Instructions for the task: Without any pictures, restate the full set of records below exactly.

[Stored entries]
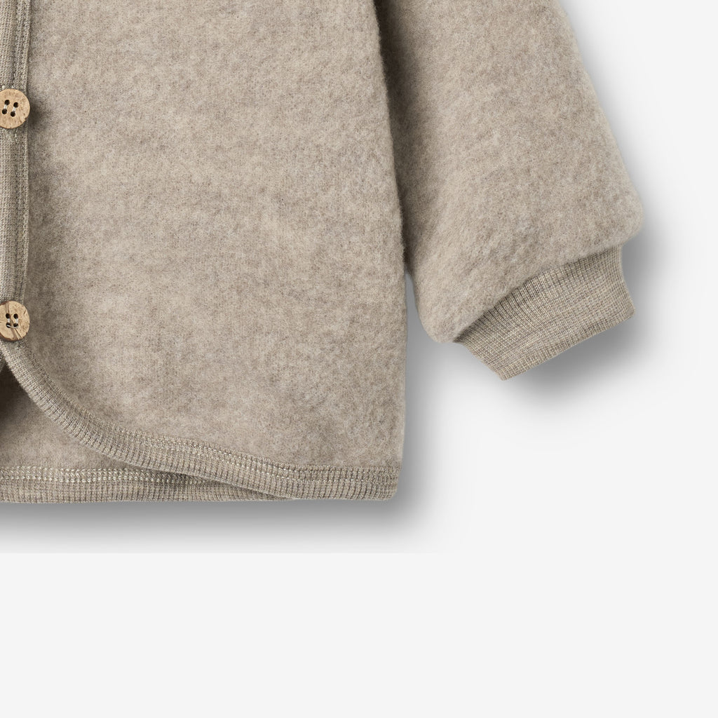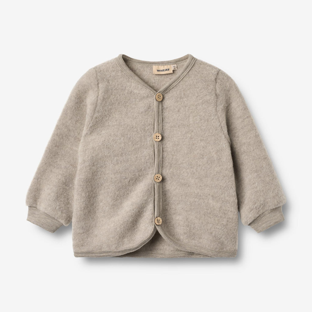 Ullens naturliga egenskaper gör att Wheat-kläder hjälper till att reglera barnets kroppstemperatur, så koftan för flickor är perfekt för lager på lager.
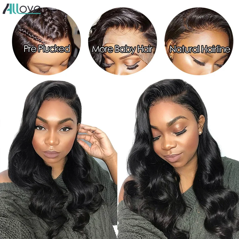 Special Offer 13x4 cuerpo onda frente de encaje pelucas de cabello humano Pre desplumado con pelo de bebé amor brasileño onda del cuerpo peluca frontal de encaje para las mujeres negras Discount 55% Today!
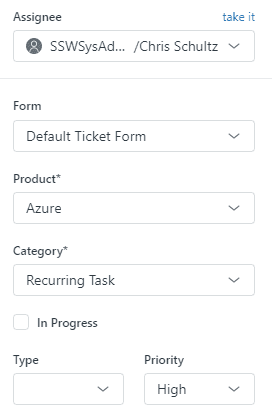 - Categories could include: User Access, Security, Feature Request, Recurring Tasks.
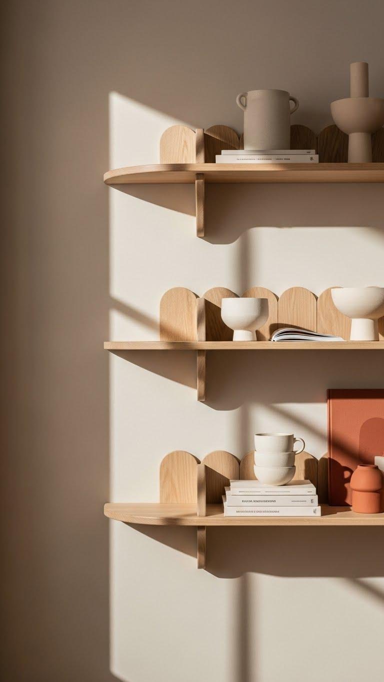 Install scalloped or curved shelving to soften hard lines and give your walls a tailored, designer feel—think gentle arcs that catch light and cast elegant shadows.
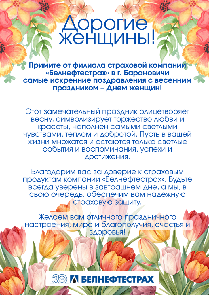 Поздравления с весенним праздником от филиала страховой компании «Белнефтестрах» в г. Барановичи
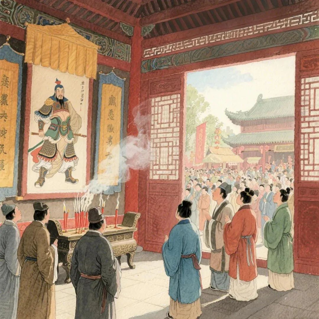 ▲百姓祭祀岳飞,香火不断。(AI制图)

Problem solution:
 Ullens naturliga egenskaper gör att Wheat-kläder hjälper till att reglera barnets kroppstemperatur, så koftan för flickor är perfekt för lager på lager.
 Special Offer 13x4 cuerpo onda frente de encaje pelucas de cabello humano Pre desplumado con pelo de bebé amor brasileño onda del cuerpo peluca frontal de encaje para las mujeres negras Discount 55% Today!
 - Categories could include: User Access, Security, Feature Request, Recurring Tasks.
 Install scalloped or curved shelving to soften hard lines and give your walls a tailored, designer feel—think gentle arcs that catch light and cast elegant shadows.
 Поздравления с весенним праздником от филиала страховой компании «Белнефтестрах» в г. Барановичи
 ▲百姓祭祀岳飞,香火不断。(AI制图)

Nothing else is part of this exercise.